I see the industry going in two different directions at once. For instance, Pepsi said that they were going to make Diet Pepsi their flagship beverage, not regular Pepsi anymore. And they were going to spend much more advertising money on Diet Pepsi. Brock Leach, a senior vice president at PepsiCo said recently that in the last 15 years convenience was the value-added thing that people were willing to pay for. They think that in the next 15 years it’s going to be health. So they’re moving to market their products as healthy now. They’re trying to reduce saturated fats and various sugars so that they can put stickers on their products and market them as better for you.
At the same time, you see Hardee’s just introduced the Monster Thickburger, and, apparently, it’s really popular. So, you see the industry going in two directions at once. Because the public is going in two directions at once.

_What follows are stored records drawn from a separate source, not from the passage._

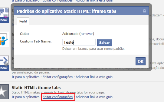 Outro questionamento bastante comum é relacionado com a alteração do nome da aba, já que todas vêm com o “Welcome” como padrão. Para tanto, basta clicar no link abaixo do título da aba (“Editar informações”), ir para o campo de Aplicativos, encontrar o Static HTML e clicar em “Editar configurações”. Escolha o nome de sua preferência, salve e retorne para sua home.
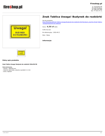 Fireshop.pl ul. Traugutta 9A 49-200 Grodków tel: 888 444 998 fax: 77 415 37 11 Znak Tablica Uwaga! Budynek do rozbiórki link do produktu: http://fireshop.pl/Znak-Tablica-Uwaga-Budynek-do-rozbiorki.html?product_rewrite=Znak-Tablica -Uwaga-Budynek-do-rozbiorki Cena: 4,50 zł netto 4,50 zł za szt. Nr referencyjny: 2032-45 Z Stan: Nowy Informacje: Pełny opis produktu Znak Tablica Uwaga! Budynek do rozbiórki 350x250 PB Dane techniczne: - rozmiar: 350x250 mm - materiał: płyta biała, sztywna o grubości 1,1 mm - znak z napisem 3-03-2017 1/1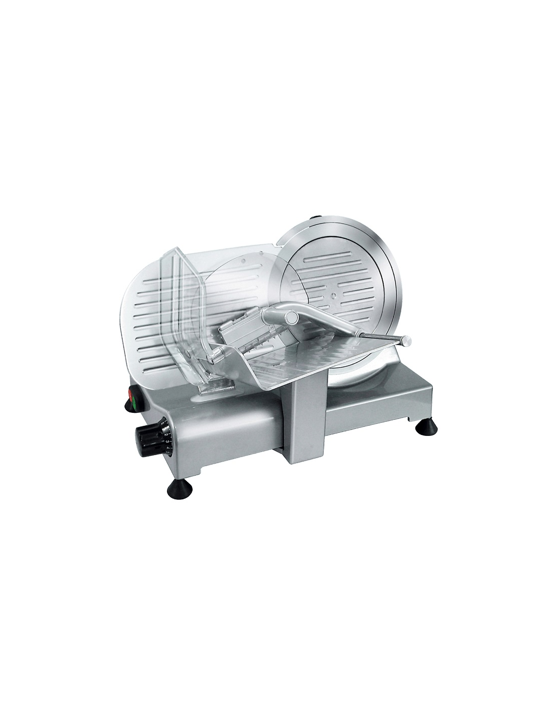 Профессиональный полуавтоматический слайсер Beckers ES 220 итальянского производства предназначен для быстрой и равномерной нарезки гастрономических продуктов, таких как колбасные изделия, твердые сыры и копчености. Компактная настольная модель идеально подходит для использования в ресторанах, супермаркетах, барах и кулинариях благодаря своей надежности и простоте в эксплуатации. Аппарат оснащен профессиональным хромированным лезвием с двухсторонней заточкой диаметром 220 мм, обеспечивающим точный срез и длительный срок службы. Корпус изготовлен из полированного анодированного алюминия, что гарантирует высокую гигиеничность и легкость в уходе. Слайсер имеет встроенное затачивающее устройство для поддержания остроты ножа непосредственно на рабочем месте и позволяет плавно регулировать толщину нарезки в диапазоне от 0 до 16 мм. Устройство мощностью 0,14 кВт работает от стандартной сети 220 В и обеспечивает размер резки до 230х165 мм.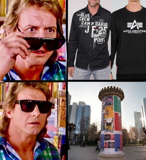 Ich sehe auf Litfaßsäulen meist nur Kulturhinweise. Das Äquivalent zu Klamottenmarken-T-Hemden wären also eher andere, weitaus kommerziellere Werbeplakate.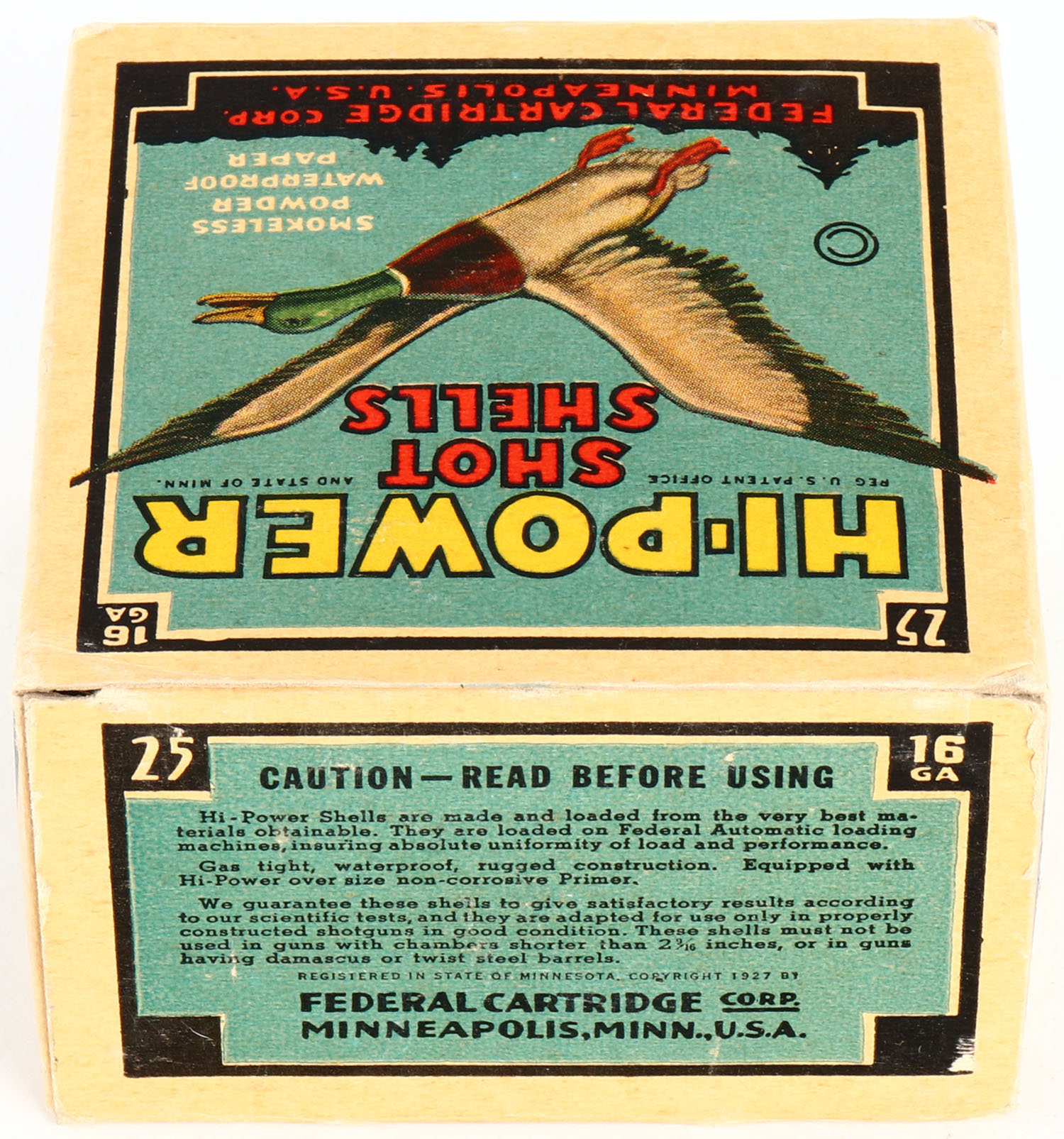 Federal Cart. Co., HI-POWER, 16ga., 1pc., Full, shot size 6ch, Black border, blue, yellow and red box with flying mallard, box has light scuffing & light soiling with very nice colors, Shells are excellent. Grade: Very Good ++ - Value: 10 to 40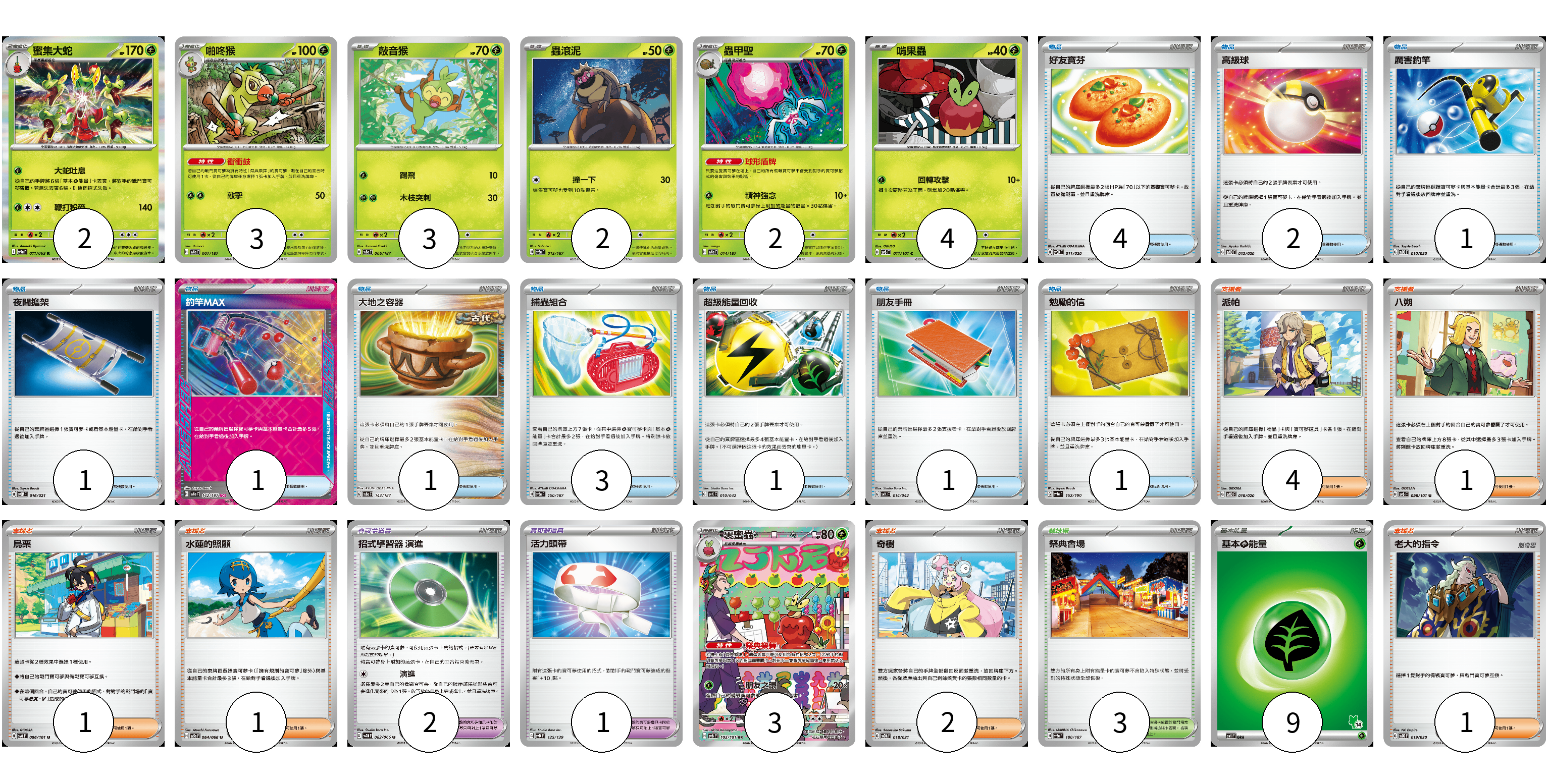 牌組構築方案 以此牌組為基礎新構築牌組 顯示卡面 顯示列表 寶可夢卡(19) 2 3 3 2 2 4 3 寶可夢道具(3) 2 1 物品卡(16) 4 2 1 1 1 1 3 1 1 1 支援者卡(10) 4 1 1 1 2 1 競技場卡(3) 3 能量卡(9) 9 寶可夢卡(19) 卡牌名稱 張數 卡牌名稱 張數 蜜集大蛇 SV9a 011/063 02 啪咚猴 SV8a 007/187 03 敲音猴 SV8a 006/187 03 蟲滾泥 SV8a 013/187 02 蟲甲聖 SV8a 014/187 02 啃果蟲 SV6 011/101 04 裹蜜蟲 SV6 103/101 03 寶可夢道具(3) 卡牌名稱 張數 卡牌名稱 張數 招式學習器 演進 SV4M 063/066 02 活力頭帶 SVD 125/139 01 物品卡(16) 卡牌名稱 張數 卡牌名稱 張數 好友寶芬 SVOD 011/020 04 高級球 SVOD 012/020 02 厲害釣竿 SVOD 010/020 01 夜間擔架 SVOM 016/021 01 釣竿MAX SV8a 142/187 01 大地之容器 SV8a 143/187 01 捕蟲組合 SV8a 150/187 03 超級能量回收 SVK 010/042 01 朋友手冊 SVK 014/042 01 勉勵的信 SV4a 162/190 01 支援者卡(10) 卡牌名稱 張數 卡牌名稱 張數 派帕 SVOD 018/020 04 八朔 SV6 098/101 01 烏栗 SV6 096/101 01 水蓮的照顧 SV5a 064/066 01 奇樹 SVOM 018/021 02 老大的指令 SVOD 019/020 01 競技場卡(3) 卡牌名稱 張數 卡牌名稱 張數 祭典會場 SV8a 180/187 03 能量卡(9) 卡牌名稱 張數 卡牌名稱 張數 基本【草】能量 SVI GRA 09 以此牌組為基礎新構築牌組 牌組編碼 PlKeXX-blQpvB-CCLehD copy 列印牌組單 牌組編碼已複製 分享至SNS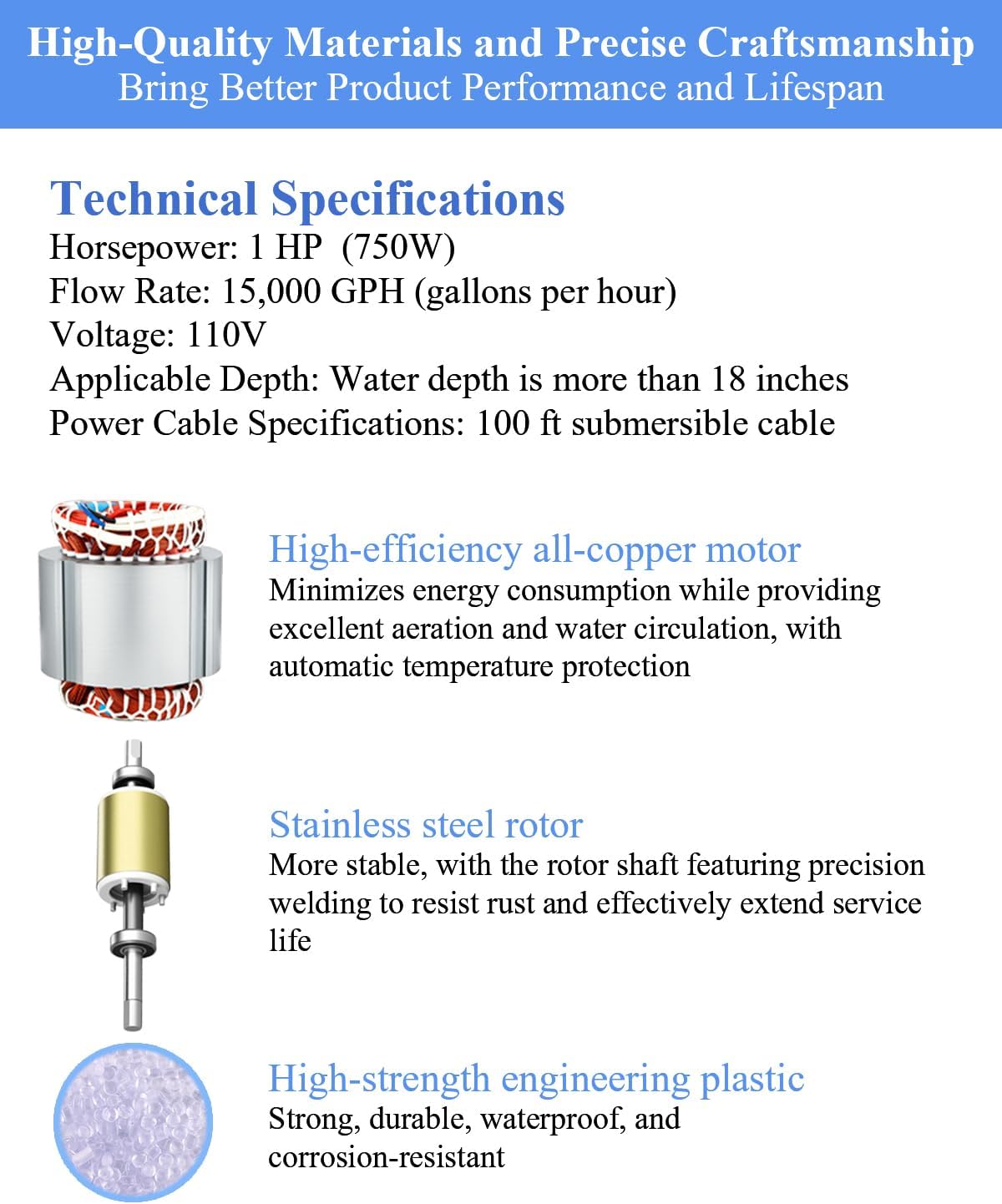 • High-Performance Aeration & Circulation – 1HP motor delivers up to 15,000 GPH water flow, improving oxygen levels, reducing algae, and enhancing water clarity in large ponds and lakes.

But you don’t see the healthier direction you describe as some kind of reaction to the fear that they’re going to be regulated or sued?
No, I think it’s more of a reaction to all the media attention that obesity is getting, and the fact that people are talking about it, and people are concerned. They see that there is a market for healthier products.
Paul Campos, author of “The Obesity Myth,” has argued that American’s anxiety about fat is really a form of anxiety about our bigness as a culture. He said in an interview with Salon: “Overconsumption in America is closely equated with class: The higher up you go the more you consume. The only area in which consumption is inversely related to class is caloric overconsumption. So the American elite project anxiety about the fact that they’re massively overconsuming economically and materially through a disgust for fat, lower-class people.” What do make think of that argument?
It’s a tortured argument compared with the actual statistics that we have on the numbers of medical problems that are cropping up in obese kids and adults. I don’t disagree that America is an overconsuming society. I do think that we consume far more than we should in terms of energy and consumer goods.
But that doesn’t get away from the fact that obesity is making people sick. It’s making adults sick. It’s making children sick. It may be reducing future life expectancy of the kids who are alive today. You don’t have to make philosophical arguments to make that point. It’s pretty much hard fact.